### Problem
All that is needed is the lines from the one containing "A second tomb" through the end of the listing, printed exactly, with no pictures among them.

--------------------------------------------------

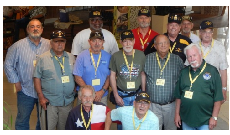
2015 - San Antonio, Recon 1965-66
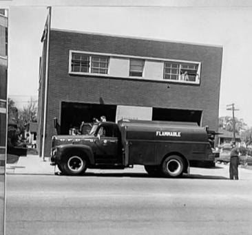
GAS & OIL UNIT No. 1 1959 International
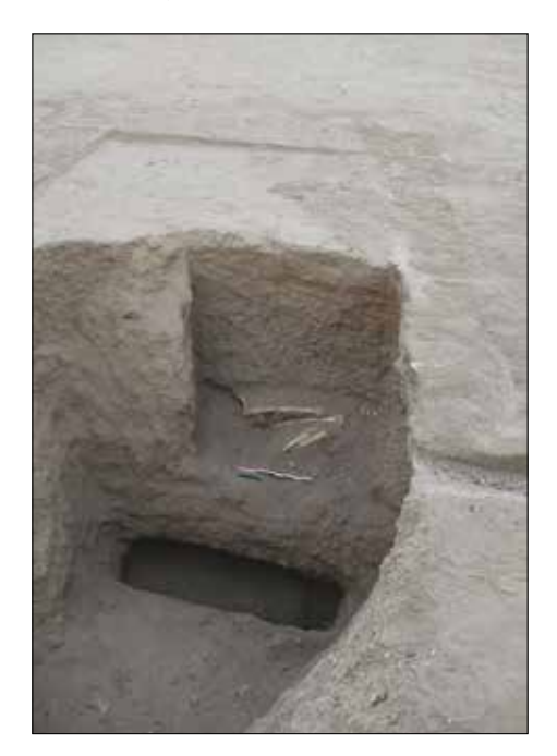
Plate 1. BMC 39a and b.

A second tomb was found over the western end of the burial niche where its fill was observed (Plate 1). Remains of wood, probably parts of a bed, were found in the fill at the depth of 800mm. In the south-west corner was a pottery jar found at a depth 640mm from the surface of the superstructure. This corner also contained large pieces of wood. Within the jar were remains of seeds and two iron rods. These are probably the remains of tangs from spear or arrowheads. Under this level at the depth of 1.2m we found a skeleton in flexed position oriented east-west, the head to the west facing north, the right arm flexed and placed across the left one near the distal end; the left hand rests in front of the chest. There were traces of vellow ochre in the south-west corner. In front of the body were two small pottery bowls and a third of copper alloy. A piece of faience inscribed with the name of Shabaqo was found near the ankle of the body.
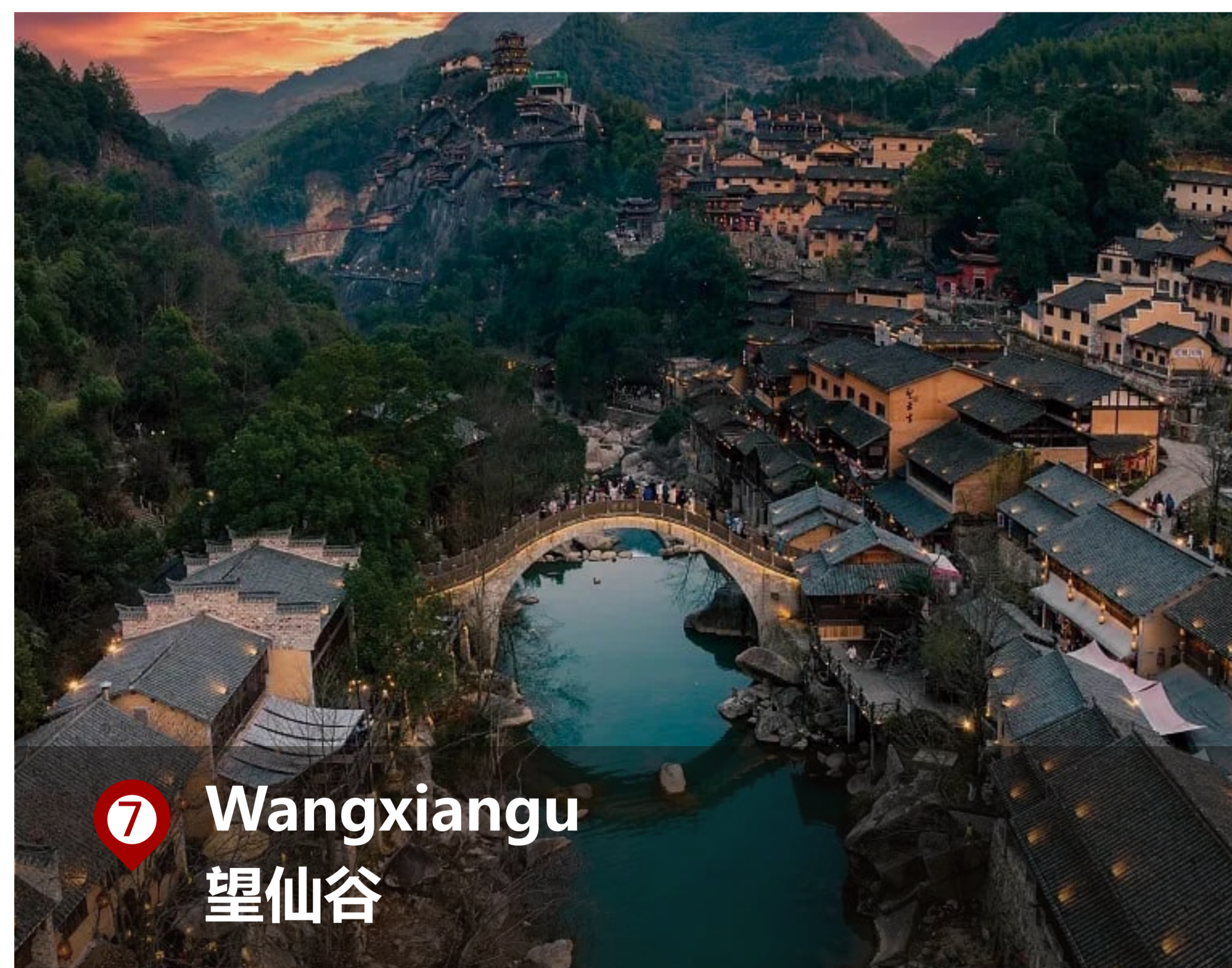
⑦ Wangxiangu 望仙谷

--------------------------------------------------

### Completed task
A second tomb was found over the western end of the burial niche where its fill was observed (Plate 1). Remains of wood, probably parts of a bed, were found in the fill at the depth of 800mm. In the south-west corner was a pottery jar found at a depth 640mm from the surface of the superstructure. This corner also contained large pieces of wood. Within the jar were remains of seeds and two iron rods. These are probably the remains of tangs from spear or arrowheads. Under this level at the depth of 1.2m we found a skeleton in flexed position oriented east-west, the head to the west facing north, the right arm flexed and placed across the left one near the distal end; the left hand rests in front of the chest. There were traces of vellow ochre in the south-west corner. In front of the body were two small pottery bowls and a third of copper alloy. A piece of faience inscribed with the name of Shabaqo was found near the ankle of the body.
⑦ Wangxiangu 望仙谷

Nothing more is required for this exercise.